Winter Is Leaving… Cryptoros
Borrowing a catchphrase from Game of Thrones is always popular for a blog post but is particularly helpful when writing about the crypto winter we have enjoyed for about a year. Our portfolio companies have used the adverse market conditions to opportunistically add technical talent in a highly competitive job market.
We continue to be believers in the power of alternative asset classes and stores of value. Crypto is an ideal example of both. It shares many characteristics with other tradable currencies, which is why crypto desks are populated with FX traders, except it is not issued by a government. It also digitizes value in a convenient and easily transferable way for investors. It matters because it is a truly decentralized way to transfer value to others and remove friction costs.
It is quite easy to imagine digitization and fractionalization of ownership of assets of all types. ETF’s removed incredible amounts of costs from mutual fund structures which has lead to their popularity. I believe the next phase is to rollout digital assets representing ownership in stocks, bonds and all asset types. While there is still a great deal to do in regulatory oversight and rule making, we will see this happen quickly once ETF’s of crypto assets are allowed.
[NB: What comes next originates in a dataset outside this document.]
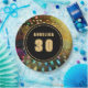 A vibrant and colourful disco Birthday round paper plate.
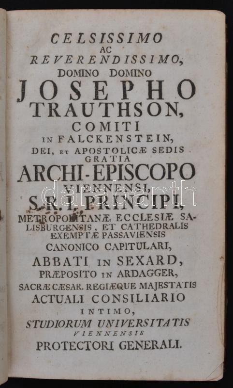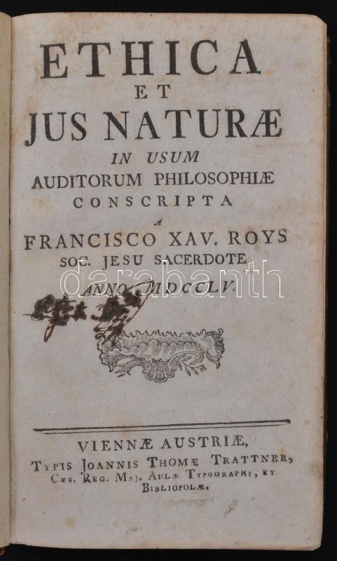 Roys, Franz Xaver: Ethica et jus naturae in usum auditorum philosophorum. Bécs, 1760, Trattner. Nyáry Antal László (?-?) tulajdonosi bejegyzésével. Kicsit sérült bőrkötésben, egyébként jó állapotban.

This matters because of the same cost characteristics of digitization of a currency. It removes the need for cost related to trust verification by building the trust in the asset-blockchain. This cost savings accrues to the savers who now pay them as part of their investing process.
None of this will happen overnight but does represent the march to decentralization of assets and better outcomes to investors to put more of their investment money to work at lower costs. You can practically feel the frost of crypto winter melting!